About this exercise - Find "Trieste, 1860 circa." in the data below; transcribe the line it appears on and each line after it, exactly, to the end, and nothing else.

Exercise inputs -
* * *
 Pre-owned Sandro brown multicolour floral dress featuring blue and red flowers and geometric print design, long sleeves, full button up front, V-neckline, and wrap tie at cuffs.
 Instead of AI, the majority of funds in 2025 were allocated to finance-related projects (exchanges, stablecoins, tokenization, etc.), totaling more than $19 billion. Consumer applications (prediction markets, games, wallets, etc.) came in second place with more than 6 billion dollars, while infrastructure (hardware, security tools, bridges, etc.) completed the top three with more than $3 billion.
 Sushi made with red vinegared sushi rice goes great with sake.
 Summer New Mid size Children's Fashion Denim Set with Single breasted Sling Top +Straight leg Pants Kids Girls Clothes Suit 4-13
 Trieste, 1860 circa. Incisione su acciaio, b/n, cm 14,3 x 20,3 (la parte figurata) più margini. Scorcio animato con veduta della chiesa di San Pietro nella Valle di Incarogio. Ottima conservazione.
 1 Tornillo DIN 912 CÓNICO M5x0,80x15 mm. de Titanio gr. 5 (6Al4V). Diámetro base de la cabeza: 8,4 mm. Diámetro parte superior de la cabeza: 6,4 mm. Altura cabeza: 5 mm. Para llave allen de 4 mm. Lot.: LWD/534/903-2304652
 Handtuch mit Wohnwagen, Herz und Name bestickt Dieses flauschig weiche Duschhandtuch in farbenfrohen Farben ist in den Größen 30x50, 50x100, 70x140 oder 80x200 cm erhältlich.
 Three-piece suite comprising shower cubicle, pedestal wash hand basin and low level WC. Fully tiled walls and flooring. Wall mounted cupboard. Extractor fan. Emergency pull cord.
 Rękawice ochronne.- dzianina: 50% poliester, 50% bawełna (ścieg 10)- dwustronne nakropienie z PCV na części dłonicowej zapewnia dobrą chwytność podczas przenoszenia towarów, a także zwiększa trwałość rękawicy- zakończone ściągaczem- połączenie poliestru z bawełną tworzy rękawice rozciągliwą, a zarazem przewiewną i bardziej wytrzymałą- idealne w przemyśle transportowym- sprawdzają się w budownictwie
* * *
Solved problem -
 Trieste, 1860 circa. Incisione su acciaio, b/n, cm 14,3 x 20,3 (la parte figurata) più margini. Scorcio animato con veduta della chiesa di San Pietro nella Valle di Incarogio. Ottima conservazione.
 1 Tornillo DIN 912 CÓNICO M5x0,80x15 mm. de Titanio gr. 5 (6Al4V). Diámetro base de la cabeza: 8,4 mm. Diámetro parte superior de la cabeza: 6,4 mm. Altura cabeza: 5 mm. Para llave allen de 4 mm. Lot.: LWD/534/903-2304652
 Handtuch mit Wohnwagen, Herz und Name bestickt Dieses flauschig weiche Duschhandtuch in farbenfrohen Farben ist in den Größen 30x50, 50x100, 70x140 oder 80x200 cm erhältlich.
 Three-piece suite comprising shower cubicle, pedestal wash hand basin and low level WC. Fully tiled walls and flooring. Wall mounted cupboard. Extractor fan. Emergency pull cord.
 Rękawice ochronne.- dzianina: 50% poliester, 50% bawełna (ścieg 10)- dwustronne nakropienie z PCV na części dłonicowej zapewnia dobrą chwytność podczas przenoszenia towarów, a także zwiększa trwałość rękawicy- zakończone ściągaczem- połączenie poliestru z bawełną tworzy rękawice rozciągliwą, a zarazem przewiewną i bardziej wytrzymałą- idealne w przemyśle transportowym- sprawdzają się w budownictwie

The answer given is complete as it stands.